For objects, the returned dictionary is structured as:

{
    "<uid>": {
        "glb": "/path/to/assets_glb/<uid>.glb",
        "thumbnail": "/path/to/assets_thumbnails/<uid>.png",
        "renders": {
            "0":   "/path/to/assets_renders/<uid>_view_000.png",
            "90":  "/path/to/assets_renders/<uid>_view_090.png",
            "180": "/path/to/assets_renders/<uid>_view_180.png",
            "270": "/path/to/assets_renders/<uid>_view_270.png",
        },
    },
    ...
}

For ground materials:

{
    "<ground_id>": {
        "mdl": "/path/to/ground_materials_mdl/<subset>/<ground_id>.mdl",
        "thumbnail": "/path/to/ground_materials_thumbnails/<subset>/<ground_id>.png",
    },
    ...
}

where <subset> is typically "road" or "sidewalk" (e.g., "Asphalt016", "Road004", "PavingStones040", "wet_arc_cobble").

For sky maps:

{
    "<sky_id>": {
        "hdr": "/path/to/sky_maps_hdr/<sky_id>.hdr",
        "thumbnail": "/path/to/sky_maps_thumbnails/<sky_id>.png",
    },
    ...
}

with IDs such as "urban_street_01", "stuttgart_suburbs", "venice_sunset", "autumn_field_puresky", or "the_sky_is_on_fire".

Example: download and inspect a small random subset of objects:

import random
import multiprocessing
import urbanverse_100k as uvk

# Sample 50 random objects
all_uids = uvk.load_object_uids()
random.seed(42)
sample_uids = random.sample(all_uids, 50)

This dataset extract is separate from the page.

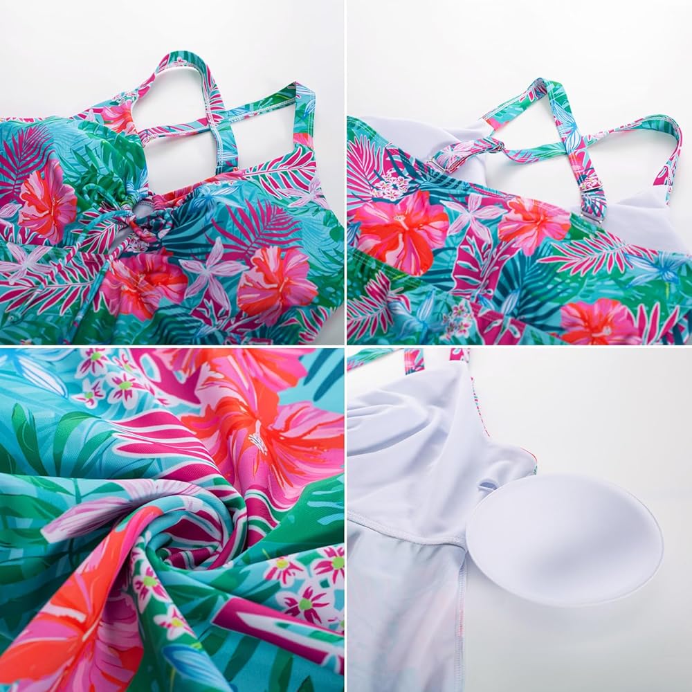• √ التصميم: ملابس سباحة عالية الخصر للتحكم في البطن تتميز برقبة على شكل حرف V مع تفاصيل فتحة المفتاح تجعلك تبدين لطيفة وأنيقة؛ حافة المنديل المتدفقة تشبه الفستان؛ حمالة صدر مبطنة قابلة للإزالة بدون سلك داخلي مع أحزمة كتف قابلة للتعديل وربطة عنق أمامية تمنحك دعمًا كافيًا للثدي.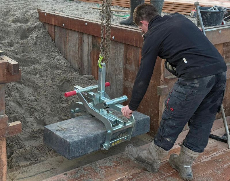 Die AL750-UNI ist die ideale Trittstufenversetzzange für das Greifen und Bewegen von Trittstufen, Randwinkeln, Bordsteinen und vielem mehr. Diese galvanisch verzinkte Universalklemme kann bis zu 750 kg heben. Öffnungsweite 350mm und Greifbereich 50-600mm. Die AL750-UNI kann mit der Umschaltautomatik automatisch entriegelt und verriegelt werden.

processes = multiprocessing.cpu_count()

object_paths = uvk.load_objects(
    uids=sample_uids,
    download_processes=processes,
    include_thumbnails=True,
    include_renders=True,
)

uid = sample_uids[0]
print("Paths for", uid)
print(object_paths[uid])

Example: download all road ground materials and a few sky maps:

road_ids = uvk.load_ground_ids(subset="road")
sky_ids = uvk.load_sky_ids()[:10]

ground_paths = uvk.load_ground_materials(road_ids)
sky_paths = uvk.load_sky_maps(sky_ids)

print("One road material:", next(iter(ground_paths.values())))
print("One sky map:", next(iter(sky_paths.values())))

Once meshes, materials, and sky domes are cached locally, subsequent calls reuse the local files, making development, visualization, and real-to-sim scene generation with UrbanVerse-Gen much faster.